Republican David Hadley drops his gubernatorial bid after two weeks.
Former Republican state lawmaker David Hadley announced Wednesday he is dropping out of the gubernatorial race two weeks after he jumped in.
In an evening email to supporters, Hadley said he concluded that he could not win the race despite receiving encouragement since announcing his candidacy.
“No matter how much preparation you put in, there are certain things you cannot learn until you step into the arena,” he wrote. “What I have learned since I announced my candidacy has led me to conclude that I cannot responsibly ask donors, endorsers, volunteers, supporters or my family to invest in this campaign right now .... We would not have the time and resources to make the case we need to make to all California voters.”
Past gubernatorial candidates in California have entered the race and dropped out after deciding they could not win, including Democrat Gavin Newsom and Republican Tom Campbell in the 2010 contest, though it is difficult to recall anyone making such a move so quickly out of the gate.
Both Newsom and Campbell ran for other offices that year, and some political strategists wondered if Hadley will do the same in the 2018 elections.

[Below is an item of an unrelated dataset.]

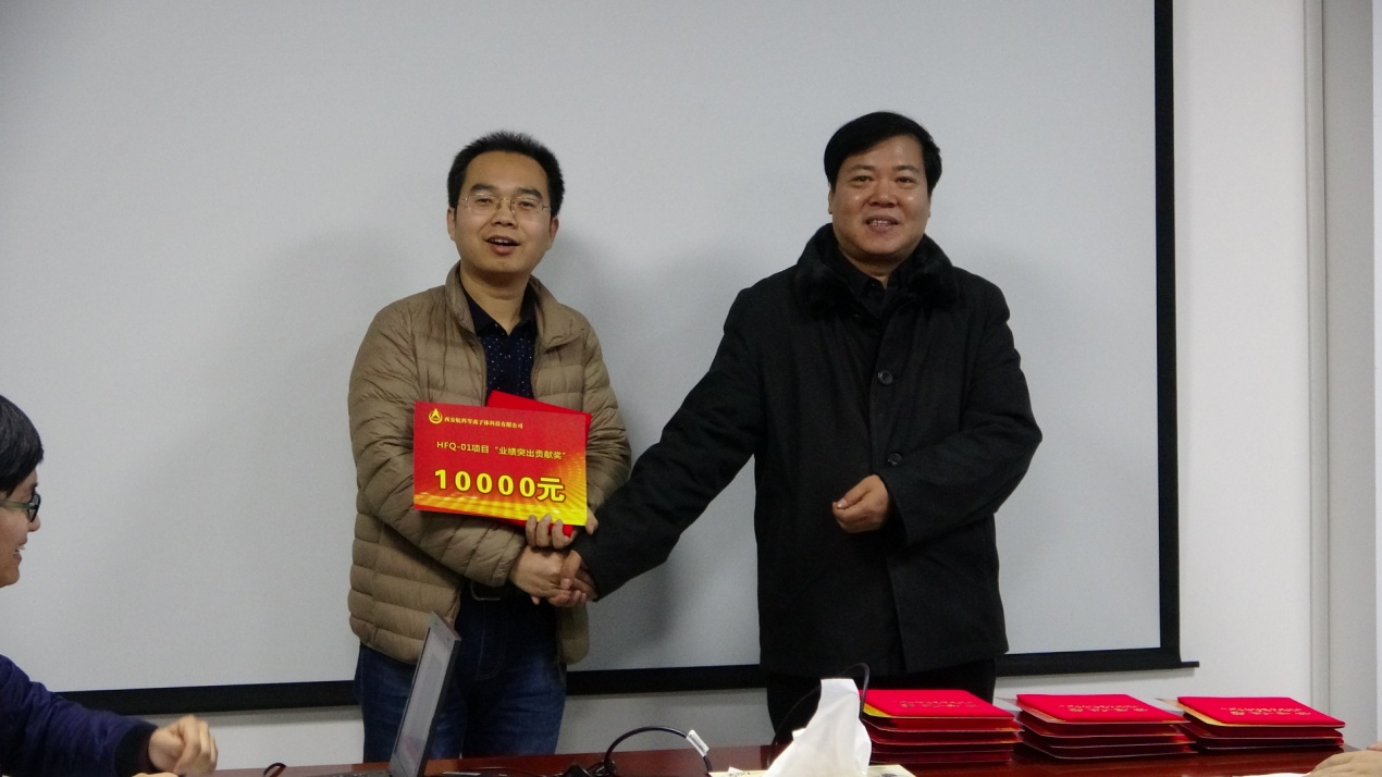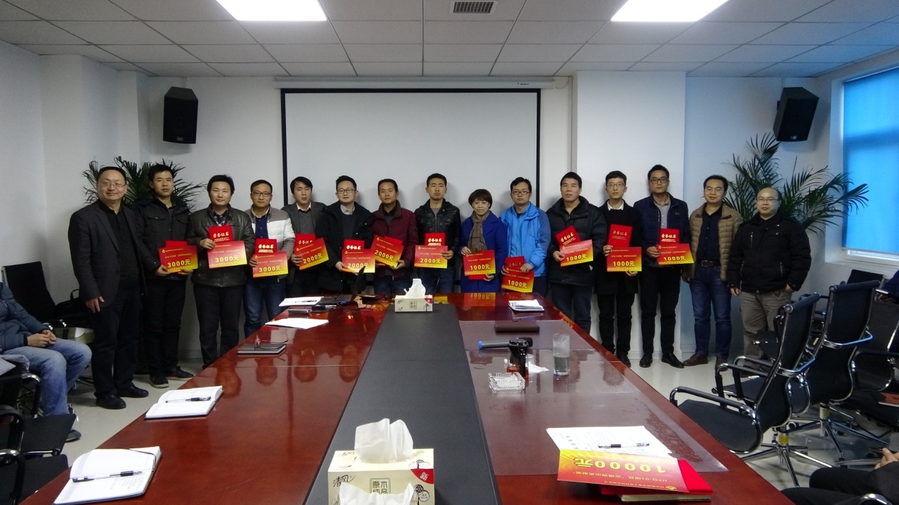 緊接著公司總經(jīng)理靳有林、副總經(jīng)理陳紅明、總工程師馬俊分別為項(xiàng)目組其他受到表彰的成員頒發(fā)榮譽(yù)證書及獎金,并合影留念。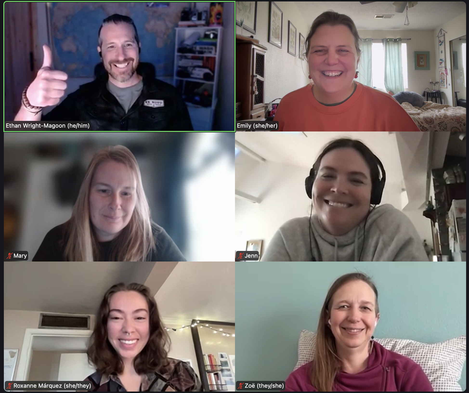 A weekly Covey Facilitators meeting. Planning, laughing, listening, and building something that matters. (From top left to right: Ethan, Emily, Mary, Jenn, Roxanne, and Zoë)

Hadley said Wednesday night that he had no intention to seek another office.
The 52-year-old is a social moderate and fiscal conservative who some thought had the potential to galvanize the GOP establishment in next year’s gubernatorial race. The former assemblyman from Manhattan Beach, who was the third prominent Republican to enter the race, said he had won the endorsement of a majority of the state’s GOP legislators and would have raised more than $1 million in July.
Hadley wrote that a factor in his decision was the possibility that because of the state’s top-two voting system, more GOP gubernatorial candidates would make it more likely two Democrats would face off in the general election — a repeat of what happened in the state’s 2016 U.S. Senate contest.
“I am not prepared to increase the likelihood of that outcome by pressing on in a crowded field,” he wrote, adding that all donations would be refunded and all of his endorsers were free to back other candidates.
The two remaining Republican candidates in the field are businessman John Cox and Assemblyman Travis Allen (R-Huntington Beach).
Cox, who has poured $3 million into his own bid, on Monday announced he would contribute an additional dollar to himself for every dollar donated to Hadley’s campaign, up to $1 million, in July.
On social media, a spokesman for Cox cheered Hadley’s decision as best for the state Republican Party.
Hadley did not mention Cox’s announcement in his email to supporters, which caught his own donors and party insiders off guard Wednesday evening.
He did address Cox and Allen, urging them to avoid focusing on tumult in Washington and instead talk about California’s needs. He also urged them to drop out if they could not mount a campaign that has a realistic chance of success — an uphill battle in a state where Democrats outnumber Republicans by 19 points in voter registration.
“Run a race with the plausible goal of winning, or get out of the race,” Hadley wrote. “This 2018 governor’s race is too important to have a meaningful debate derailed by selfish politicians who cannot win, but can rob Californians of a real debate in the general election.”